Un ángel y un profeta, dos hombres excepcionales que cambiaron la Iglesia y el mundo
Dos personalidades distintas, dos hombres excepcionales que cambiaron la Iglesia y el mundo, dos faros cuya luz, ahora que son elevados a los altares, rompe las barreras del tiempo y del espacio, dos nuevos papas santos del siglo XX.
Tanto en la historia humana como en la de la Iglesia, la providencia divina de vez en cuando manda a este mundo ángeles y profetas.
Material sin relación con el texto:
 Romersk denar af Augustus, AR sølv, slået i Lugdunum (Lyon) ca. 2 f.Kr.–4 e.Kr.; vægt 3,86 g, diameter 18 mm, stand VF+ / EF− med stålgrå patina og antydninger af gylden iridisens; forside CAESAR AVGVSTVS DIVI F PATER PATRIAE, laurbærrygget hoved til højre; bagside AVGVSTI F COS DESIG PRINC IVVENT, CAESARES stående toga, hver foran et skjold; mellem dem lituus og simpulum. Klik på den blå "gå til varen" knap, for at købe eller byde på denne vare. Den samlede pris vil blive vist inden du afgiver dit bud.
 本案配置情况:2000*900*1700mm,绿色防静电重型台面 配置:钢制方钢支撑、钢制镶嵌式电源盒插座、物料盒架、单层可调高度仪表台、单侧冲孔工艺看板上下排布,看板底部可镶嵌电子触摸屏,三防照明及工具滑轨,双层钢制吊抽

Los primeros parecen bendecidos por una bondad natural absolutamente sorprendente, y aunque no lleven alas, son verdaderos mensajeros de Dios que le devuelven al mundo la fe en el hombre, y lo hacen renacer. Los segundos son valientes personalidades hechas a base de golpes, y en ellos parece que el mensaje que Dios nos manda es que en medio del sufrimiento y de la dificultad el hombre puede volver su mirada a Dios hasta el punto de cambiar el mundo.
Dos caminos convergentes hacia un mismo fin: devolver al mundo la esperanza. Así fueron María y Pedro, o Juan Evangelista y Juan Bautista, o Francisco de Asís e Ignacio de Loyola. O Juan XXIII y Juan Pablo II. Un ángel el primero, un profeta el segundo, dos caricias de Dios para el siglo XX.
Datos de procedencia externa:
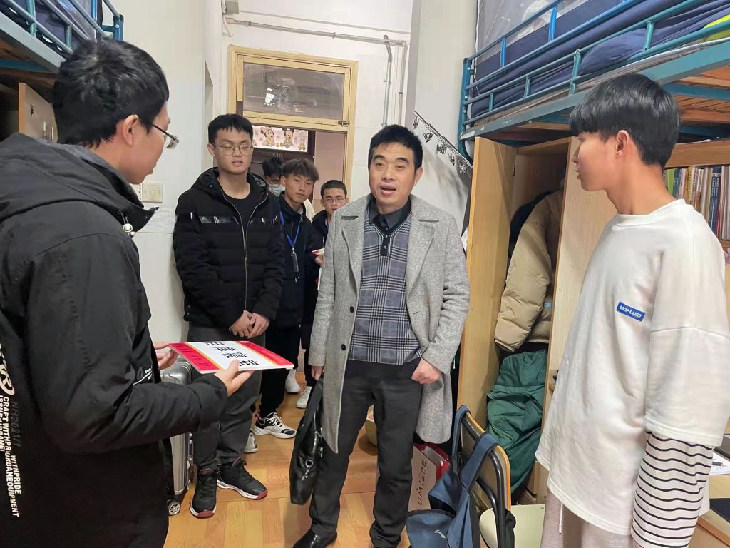党委领导班子、专兼职辅导员深入学生宿舍,排查学生宿舍安全隐患,走访宿舍过程中,老师们提醒学生要守住安全底线,牢记学生身份,共同打造安全寝室、书香寝室、文明寝室。

San Juan XIII, el párroco del mundo
Decía el escritor Jesús Iribarren que si Pío XII era un hombre moderno, Juan XIII fue un hombre: “A Pío XII le miraban los cultos con los ojos abiertos; a Juan XXIII le escuchaban los sencillos con los ojos húmedos”.
Apenas tres meses después de su elección, en 1959, anunció la convocatoria de un Concilio ecuménico pastoral y la reforma del Derecho Canónico. Caven destacar tres de sus ocho encíclicas: Mater et magistra, sobre los problemas sociales, Paenitentiam agere, sobre la preparación al Concilio, y Pacem in Terris, sobre la paz.
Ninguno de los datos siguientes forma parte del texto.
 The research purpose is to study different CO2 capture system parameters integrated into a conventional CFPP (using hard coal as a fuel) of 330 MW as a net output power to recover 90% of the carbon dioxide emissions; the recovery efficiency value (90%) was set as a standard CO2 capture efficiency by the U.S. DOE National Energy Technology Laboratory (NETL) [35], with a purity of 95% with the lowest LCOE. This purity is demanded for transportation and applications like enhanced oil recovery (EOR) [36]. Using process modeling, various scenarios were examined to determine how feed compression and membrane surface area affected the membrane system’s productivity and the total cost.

Juan XXIII pasó a la historia, ya en vida, como el “Papa bueno”. Más allá de habernos liberado de una posible III Guerra Mundial convirtiéndose en el verdadero freno de la crisis de los misiles, o de habernos regalado la doctrina más sublime sobre la paz entre los hombres y los pueblos, Juan XXIII fue un “niño evangélico” que no hizo caso de los consejos llenos de prudentes cálculos humanos de tantos, y convocó el Concilio Vaticano II porque en la Iglesia hacía falta, como él mismo confesó, “abrir las ventanas para que entrará aire fresco”.
Hizo falta alguien como él que veía en los ojos de cualquier ser humano a Dios antes que en las enseñanzas y las celebraciones de la Iglesia, para que la Iglesia, tras él, diera el gran salto de reconocer que, precisamente en Cristo y por Cristo, el hombre es su norte, a quien servir hasta desvanecerse.
San Juan Pablo II, el magno
Karol Wojtyla aprendió desde niño a abrazar el dolor. A los 9 años murió su madre al dar a luz a una niña que murió antes de nacer. Años más tarde fallecieron su hermano y su padre. Descubrió en un primer momento su vocación como literato y dramaturgo, pero pronto entendió que Dios lo llamaba al sacerdocio.
Poco antes de decidir su ingreso al seminario trabajó arduamente como obrero en una cantera. Él mismo decía que esta experiencia le ayudó a conocer de cerca el cansancio físico, así como la sencillez, sensatez y fervor de los trabajadores. Durante los años de guerra tuvo que vivir oculto, junto con otros seminaristas. Con 26 años fue ordenado sacerdote.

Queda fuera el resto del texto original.